R&D Activities

  • High-fidelity MOtion CAPture (MOCAP) of humans from commodity cameras.
    We envision and develop methods and technical systems that permit low-cost, unobtrusive and compact quantification of human motion in 3D, as well as semantic interpretation of human activities based on markerless visual input. We are working on high-fidelity MOCAP from commodity cameras, tasks that require the estimation of the 3D state of one or more humans. 
  • 3D modelling of human bodies, hands, faces and skulls.
    The bodies, hands, faces, and skulls of humans have a great variability in size, shape and appearance, with significant differences across different individuals and demographic groups. We are developing novel methodologies for constructing next-generation, large-scale datasets and models regarding the shape and appearance of human hands, faces, and skulls, aiming at achieving unprecedented realism and expressing the full variability that is encountered in the human population. 
  • Human activity recognition and forecasting.
    Capitalizing on accurate and robust information of the human geometry and motion as well as rich contextual information, we aim at developing methods on multiple aspects of the analysis and interpretation of human-centric activities. Our research efforts pertain to the tasks of human activity recognition, interpretation of human object interaction, identification of repetitive actions in videos, action cosegmentation in videos, action quality assessment, prediction of human intentions and forecasting of future actions.

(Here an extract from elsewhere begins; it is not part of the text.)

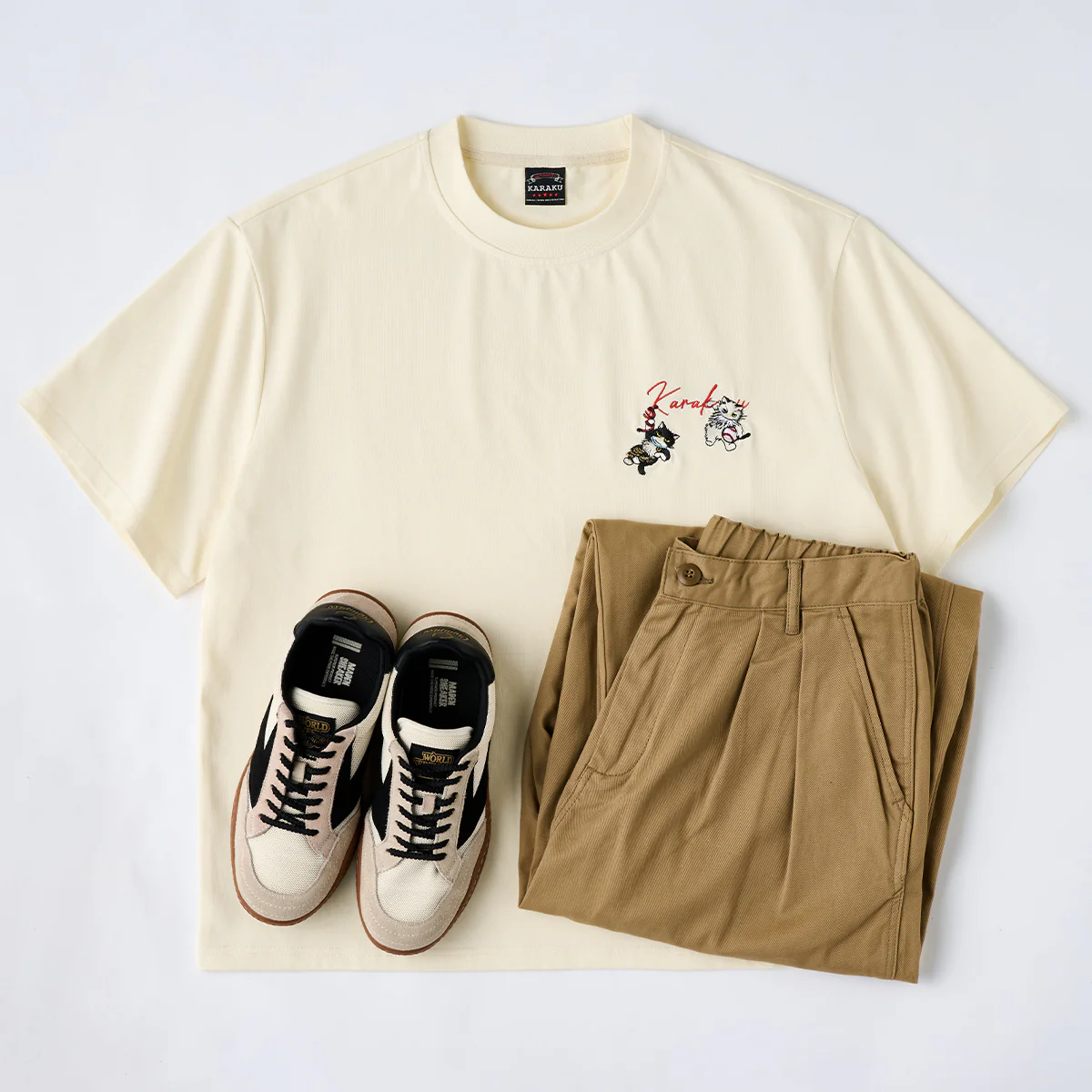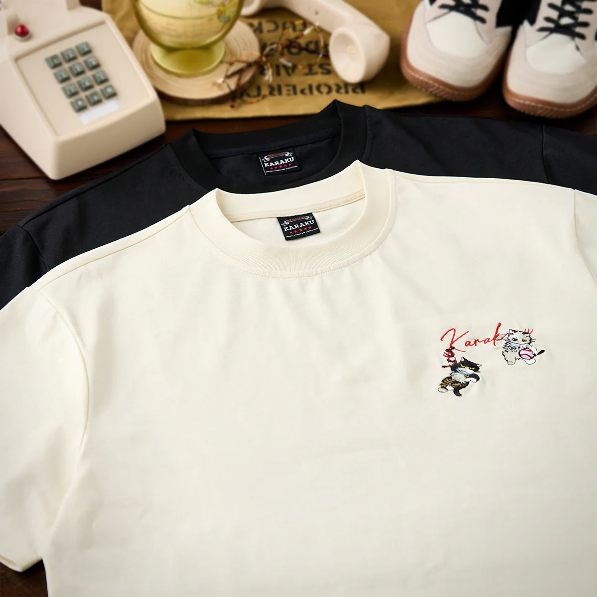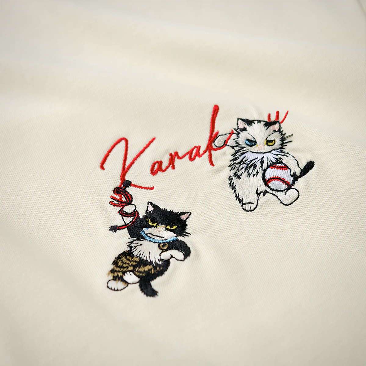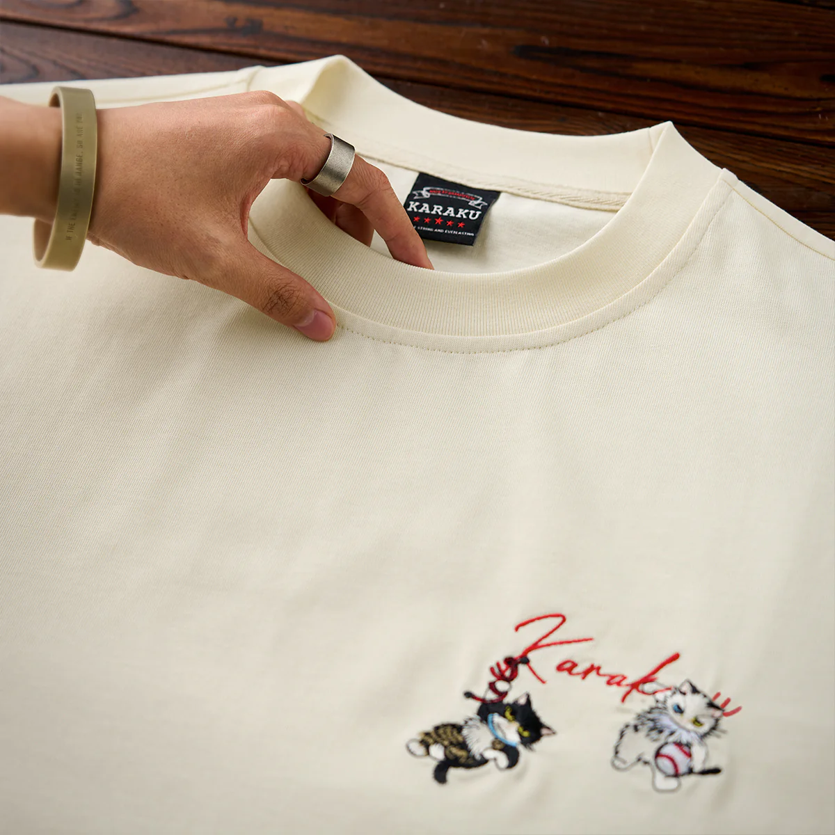 遊び心あふれる猫たちが主役のコットンTシャツが登場!胸元には、ブランド名「Karaku」にぶら下がる2匹の猫を刺繍で表現。黒猫はロープにぶら下がり、白猫は片手でしっかり掴まりながら、もう一方の手でちゃっかり野球ボールを抱える姿が愛らしいワンポイントに。猫たちの仕草の違いが個性を引き立て、見るたびにクスッと笑えるデザインです。裾には赤いタグのディテール付きで、細部にまでこだわった一枚。シンプルながらも個性を演出したい日にぴったりのTシャツです。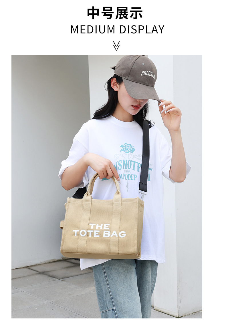 2024 국경 여성 가방 간단한 크로스 바디 가방 캐주얼 토트 백 편지 인쇄 캔버스 가방 대용량 어깨 가방스토어 가기

  • Gesture and facial expression recognition, sign language translation. 
    Building upon our expertise in vision-based perception of humans at the geometry, motion and semantic level, we are developing novel systems for gesture recognition. We are also applying our state-of-the-art 3D face modelling and reconstruction methods on the analysis of facial expressions from videos. This is one of the most important non-intrusive ways to infer human emotions and plays a central role in the field of Affective Computing. All the above are essential components in systems that aim to interpret sign language.
  • Vision for autonomous systems that interact and collaborate with humans.
    We develop algorithms that enable autonomous systems such as robots to operate in any environment and to carry out tasks in collaboration with humans. We are tackling scenarios where robots and humans interact with each other or with one or more objects that vary in complexity (rigid, articulated or deformable objects, objects of various sizes, previously unseen objects).
  • Vision-based coastal seafloor mapping.
    We are developing systems for automated shallow bathymetry retrieval and detailed mapping of coastal benthic cover based on optical imagery from drones (Unmanned Aerial Vehicles). We are applying state-of-the-art image analysis, neural networks and machine learning techniques for training systems for automated, high-resolution 3D reconstruction of coastal seafloor.